You will learn the following from this chapter:
- The benefits of a portable platform-independent language such as Java.
- The structure of the Java bytecode format and key details of the Java Virtual Machine specification.
- How the JVM interprets bytecode in order to execute a Java program.
- Adaptive optimizations at runtime versus static ahead-of-time compilation. Why the former is better but harder to do. The "gambling on performance" metaphor.
- Why code generation in an adaptive runtime is potentially very powerful.
- How Java can be compiled to native code, and what the main problems are. Where should optimizations be done—by the Java programmer, by the JVM, or at the bytecode level?
- How the JRockit code pipeline works and its design rationales.
- How to control the code generator in JRockit.
The main selling point for Java when it first came out, and the main contributor to its success as a mainstream language, was the write once/run everywhere concept. Java programs compile into platform-independent, compact Java bytecode (.class files). There is no need to recompile a Java application for different architectures, since all Java programs run on a platform-specific Java Virtual Machine that takes care of the final transition to native code.

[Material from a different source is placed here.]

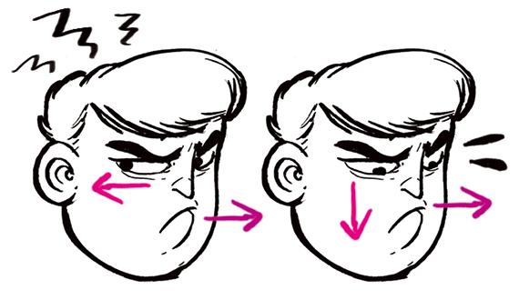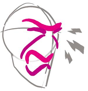 对于愤怒,首先要移动的特征是眉毛和上唇。
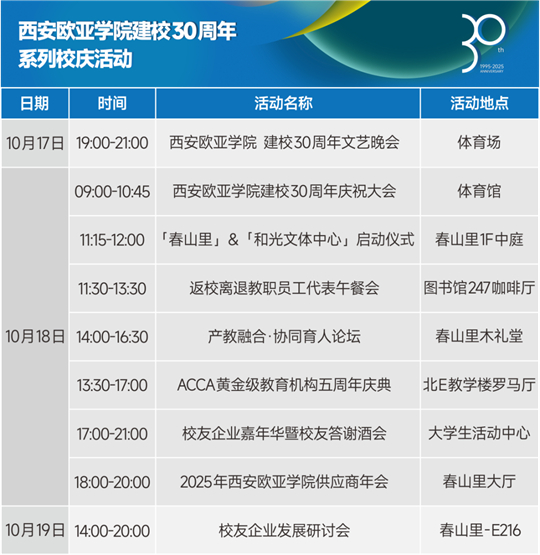 此外,西安歐亞學(xué)院建校30周年文藝晚會將率先點(diǎn)亮校慶的第一束光;返校離退教職員工代表午餐會向躬耕教育的教師致敬;供應(yīng)商年會則彰顯與合作伙伴攜手共進(jìn)、構(gòu)建良性生態(tài)的誠意。

This widely enhanced portability is a good thing. An application, such as a C++ program, that compiles to a platform-dependent format, has a lot less flexibility. The C++ compiler may compile and heavily optimize the program, for example for the x86 architecture. Then x86 will be the only architecture on which the program can run. We can't readily move the program, optimizations and all, to SPARC. It has to be recompiled, perhaps by a weaker compiler that doesn't optimize as well as for x86. Also if the x86 architecture is upgraded with new instructions, the program will not be able to take advantage of these without being recompiled. Portability can of course be achieved by distributing source code, but that may instead be subject to various license restrictions. In Java, the portability problem is moved to the JVM, and thus becomes third-party responsibility for the programmer.
In the Java world, all platforms on which a JVM exists can execute Java. Platform-independent bytecode is not a new concept per se, and has been used in several languages in the past, for example Pascal and Smalltalk. However, Java was the first language where it was a major factor in its widespread adoption.
When Java was new, its applications were mainly in the form of Applets, designed for embedded execution in a web browser. Applets are typical examples of client side programs. However, Java is not only platform-independent, but it also has several other nice intrinsic language properties such as built-in memory management and protection against buffer overruns. The JVM also provides the application with a secure sandboxed platform model. All of these things make Java ideal not only for client applications, but also for complex server side logic.
It took a few years before the benefits of Java as a server-side language were fully acknowledged. Its inherent robustness led to rapidly shorter application development times compared to C++, and to widespread server adoption. Shorter development cycles matter a lot when the application being developed is fairly complex, such as is typically the case for the server side.